Like the civil rights activists of the 1960s, whose "sit-ins" were part of a movement that ended racial segregation, Ms. Thompson hopes her peaceful pray-ins will help initiate a movement that ends overt sexism in Islam, despite the conventional wisdom that regards Islam and feminism as anathema. Her efforts come at a time when, as of a 2001 study, 66% of American mosques segregate men from women during prayer, an increase of 14% from 1994.

During the pray-ins, Ms. Nomani, Ms. Thompson, and several other women walk through the front door of the mosque—many require women to enter through a side or back door—and into the main hall. They then seat themselves behind the rows of men to pray.

The Muslim men get rattled. Ms. Nomani remembers one bearded man who "furrow[ed] his brows and scream[ed]… 'Sisters go over there!'"—indicating the dreaded penalty box. Ms. Nomani humorously refers to him as the mosque's "bouncer." At one pray-in, the women didn't budge when they were asked to move, and the service began with them praying with the men.

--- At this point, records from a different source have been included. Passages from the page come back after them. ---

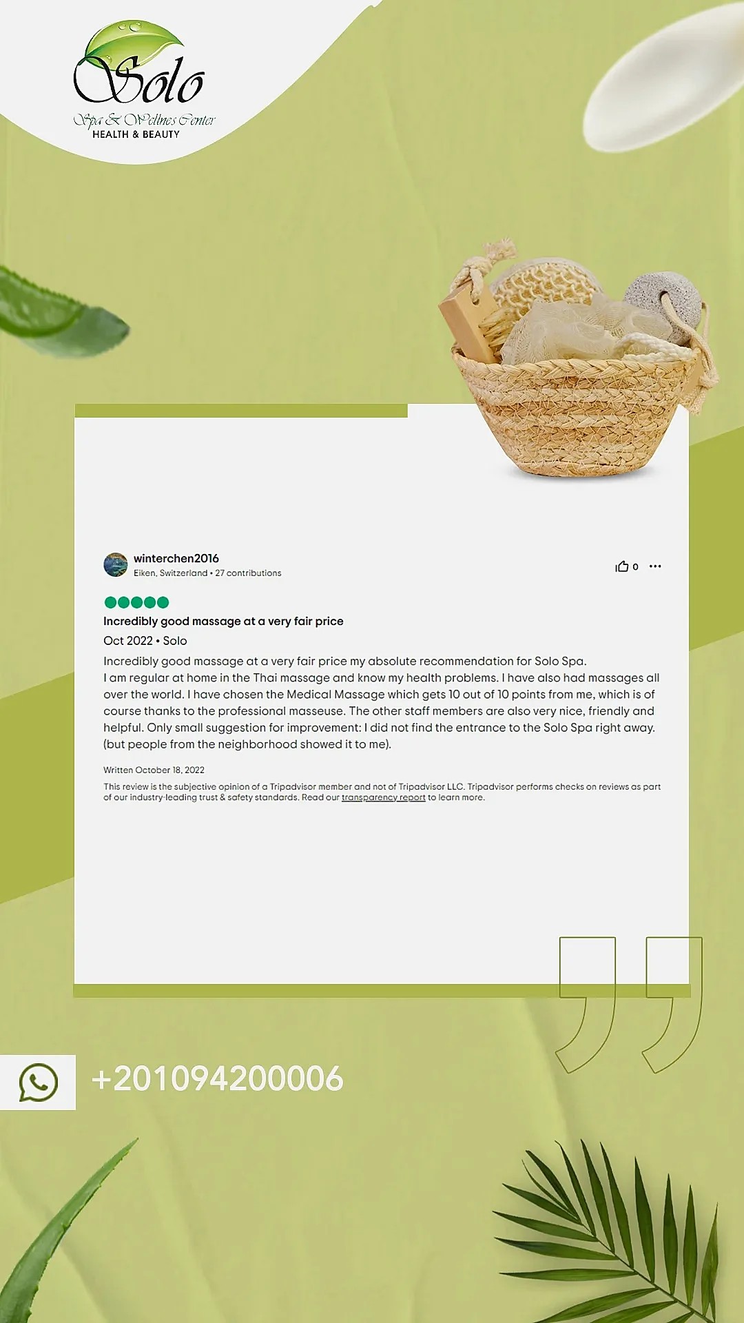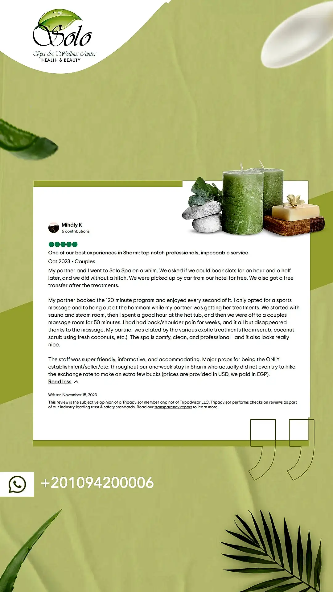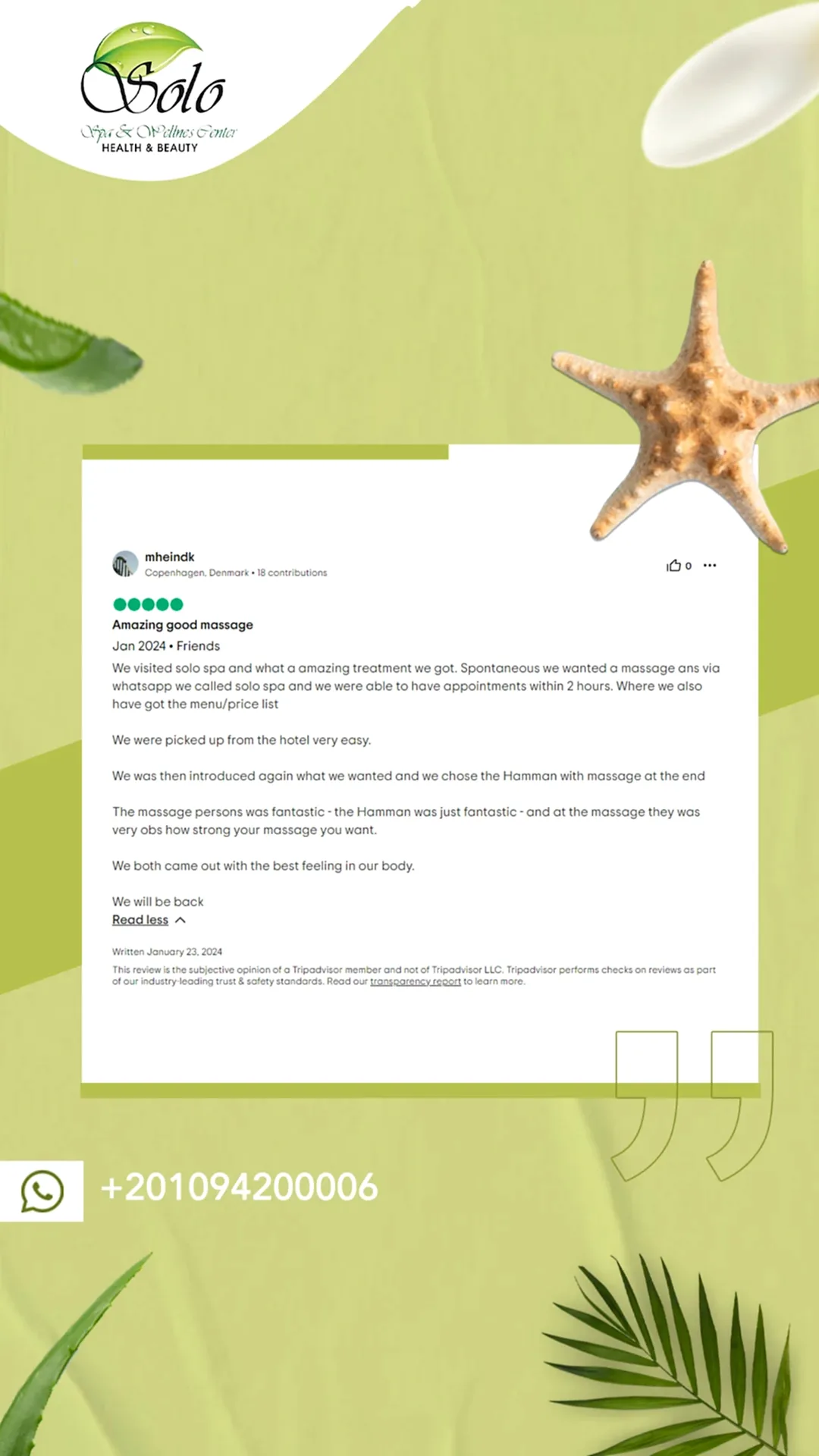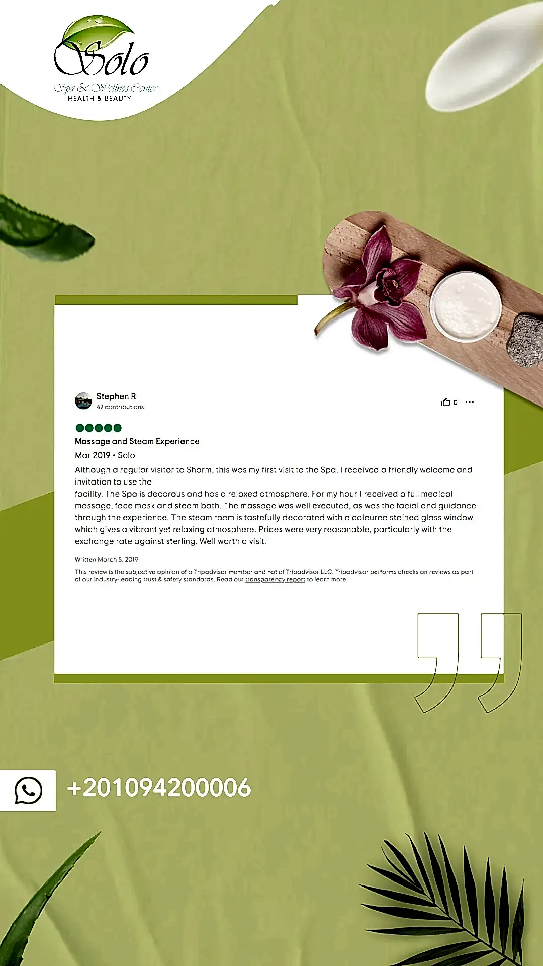 At Solo SPA, we don’t just offer a service—we provide a unique experience marked by quality and comfort. We use the latest techniques in body care and therapy, while offering extra amenities like free transportation to enhance your relaxation journey. Plus, we provide exclusive discounts on trips inside and outside Egypt, catering to everyone from athletes to those seeking rest and rejuvenation, with a wide range of treatments including various types of massages.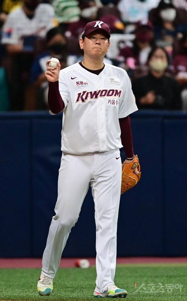 16일 서울 고척스카이돔에서 열린 ‘2022 신한은행 SOL KBO리그’ 준 플레이오프 1차전 키움 히어로즈와 KT 위즈의 경기에서 8회초 2사 1, 2루 KT에 동점 1타점 우전 적시타를 허용한 키움 양현이 아쉬워하고 있다.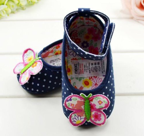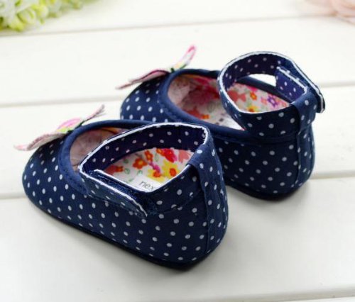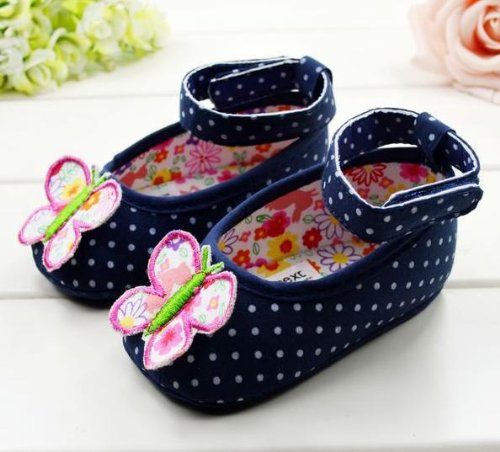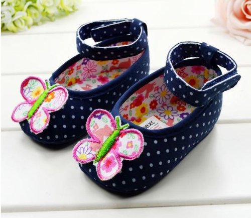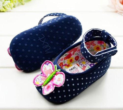 (セ・ミニョン)C'est mignon ベビーシューズ ファーストシューズ ストラップ 水玉 蝶々 ネイビー (12cm)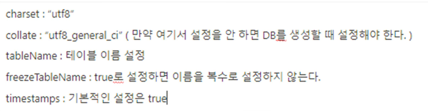 freezeTableName : true, //복수형태가 아닌 그대로 사용하겠다는 의미

Though neither Ms. Thompson nor Ms. Nomani has been arrested, say, for trespassing, Ms. Nomani—who has been fighting sexism at her mosque in West Virginia for seven years—says she has received several death threats. Such violence-oriented intolerance, which in the West has become the public image of Islam, seems irreconcilably at odds with the moderate feminism of the pray-in group.

While people like Ms. Nomani work for reform, other women question whether it is possible. Ayaan Hirsi Ali, the Somali author of "Infidel" and a former-Muslim-turned-atheist, agrees with the Islamic feminists that a mosque is "an island of gender apartheid." To her, however, such practices represent Islam's essential sexism. Being a Muslim and a feminist, she told me, are inherently contradictory.

For her bold denunciations of Islam, Ms. Hirsi Ali lives under constant threats against her life by Muslim fanatics. But anyone who questions, even from within the faith, risks trouble, she says. "A single attempt to change things, to innovate, invites accusations of blasphemy" she notes, "because you're considered to be someone putting [yourself] on Allah's [God's] throne." Islam means submission. Muslims must submit to the Quran's God, not change him.

Yet, nowhere in the Quran does it say that women and men should be segregated during prayer. The Hadith, a large body of holy Islamic texts chronicling the life and attributed sayings of the Prophet Muhammad, notes that for women at prayer, the "best rows are the last rows." And even then, some scholars, like UCLA's Islamic law expert Khaled Abou El Fadl, don't see this as an admonition. After all, in the seventh century, at the Prophet's mosque, women did not pray behind a partition. And today in Islam's holiest spot, Mecca, women and men can pray side-by-side.

Still, there is an undeniable sexism that gnaws away at many Muslim communities—communities that center around the social space of the mosques. Whether the pray-in movement will encourage mosques to grant women more rights is yet to be determined. Until then, Ms. Thompson and Ms. Nomani are initiating a much-needed debate about the status of women in Islam.